Michael Adams wrote:

NOTE: Microsoft defied this and used those character spaces for their
"smart quotes" and other characters in the WINDOWS-1252 encoding which
does not have a lot of approval as an international standard except
by IANA (the Internet Assigned Numbers Authority) for web use.

Quite seriously, what else could they do at the time?

They were attempting to compete against Apple who had their own proprietary character sets which included the curly quotation marks, dashes, and various other non-ISO characters.

And hardly anyone has ever used the official 8-bit control characters.

I suppose they could have just followed the DOS route of letting every word processor and every desktop publishing program have its own way of producing characters which are essential to typographically correct publishing, continuing the mess established under DOS.

Defying the standards on this point was one of the best things they did in my opinion.

NOTE: Interestingly most of the pages on the web which claim to be
ISO-8859-1 are not accurate because they contain the WINDOWS-1252 smart
quotes or other WINDOWS-1252 characters. Most browsers allow this and
read ISO-8859-1 pages as WINDOWS-1252 anyway because the ISO-8859-1
control codes are illegal for use in a web page anyway.

You can, of course, declare that your webpage is coded as Windows-1252 or another Windows encoding. That’s really what should be done. I’ve never read a discussion that indicates why it wasn’t done more, save the explanation of ignorance on the part of the page creators.

With the advent of the Euro, in ISO-8859-15 the Euro sign was introduced
as well as incorporating Microsofts "smart quotes" into the code (though
some moved into legitimate character locations). In theory this code
supercedes and combines both WINDOWS-1252 and ISO-8859-1, but ISO-8859-1
is still legal. I am not even sure if ISO-8859-1 is officially
deprecated (to be phased out over time).

I think it was barely used by anyone.

UTF-8 gets around the above issue by using 1 byte for most letters, and
a special control character byte which says the next 1 to 3 bytes are
an extended character for rarer characters. This takes up a lot less
memory, disk space and bandwidth than UTF-16 and UTF-32 in normal use.

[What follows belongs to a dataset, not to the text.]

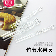 喇叭花 一次性塑料叉月饼叉水果刺两齿竹节果叉透明果叉果签400支

True for Latin-alphabet coding. Not true for normal use if you writing Chinese, or even Greek or Cyrillic.

A UTF-8
document starts with a special character called a Byte Order Mark(BOM)
which i will do no more than mention as it would take this to far OT
(plus i don't understand it completely).

BOM should not be used in UTF-8. It is required for some UTF-16 and UTF-32 formats.